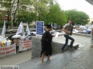 Также митингующие провели перфоманс, которым показали "слепых" судей, которые принимают во внимание не документы, а деньги. Так, одна из участниц надела мантию судьи, а на глаза связала красную повязку. Несколько других участников, представлявших заинтересованную сторону, дали "судье" деньги, после чего она согласилась взять фиктивные документы.
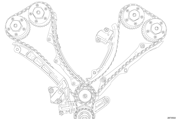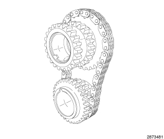 The primary timing chain is a silent type. The primary chain drives the 28 tooth idler sprocket directly from a 21 tooth crankshaft sprocket. This results in a 75% speed reduction to the idler sprocket. The idler sprocket assembly connects the primary chain drive and the secondary chain drive. The idler sprocket assembly consists of two integral 22 tooth sprockets a 28 tooth sprocket. The idler sprocket assembly spins on a stationary idler shaft. The idler shaft is a light press-fit into the cylinder block. A large washer on the idler shaft bolt and the rear flange of the idler shaft are used to control sprocket thrust movement. Pressurized oil is routed through the center of the idler shaft to provide lubrication for the bushings used in the idler sprocket assembly. Primary chain motion is controlled by a hydraulic oil damped tensioner and a fixed guide. The tensioner and the guide both use nylon plastic wear faces for low friction and long wear. The primary chain receives oil splash lubrication.
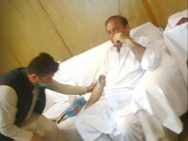 Photo of Nawaz Sharif under treatment at Services Hospital surfaces

## Exercise instructions:
Only the pictures are to be left out; copy all the remaining material above exactly.

## Written solution:
 Также митингующие провели перфоманс, которым показали "слепых" судей, которые принимают во внимание не документы, а деньги. Так, одна из участниц надела мантию судьи, а на глаза связала красную повязку. Несколько других участников, представлявших заинтересованную сторону, дали "судье" деньги, после чего она согласилась взять фиктивные документы.
 The primary timing chain is a silent type. The primary chain drives the 28 tooth idler sprocket directly from a 21 tooth crankshaft sprocket. This results in a 75% speed reduction to the idler sprocket. The idler sprocket assembly connects the primary chain drive and the secondary chain drive. The idler sprocket assembly consists of two integral 22 tooth sprockets a 28 tooth sprocket. The idler sprocket assembly spins on a stationary idler shaft. The idler shaft is a light press-fit into the cylinder block. A large washer on the idler shaft bolt and the rear flange of the idler shaft are used to control sprocket thrust movement. Pressurized oil is routed through the center of the idler shaft to provide lubrication for the bushings used in the idler sprocket assembly. Primary chain motion is controlled by a hydraulic oil damped tensioner and a fixed guide. The tensioner and the guide both use nylon plastic wear faces for low friction and long wear. The primary chain receives oil splash lubrication.
 Photo of Nawaz Sharif under treatment at Services Hospital surfaces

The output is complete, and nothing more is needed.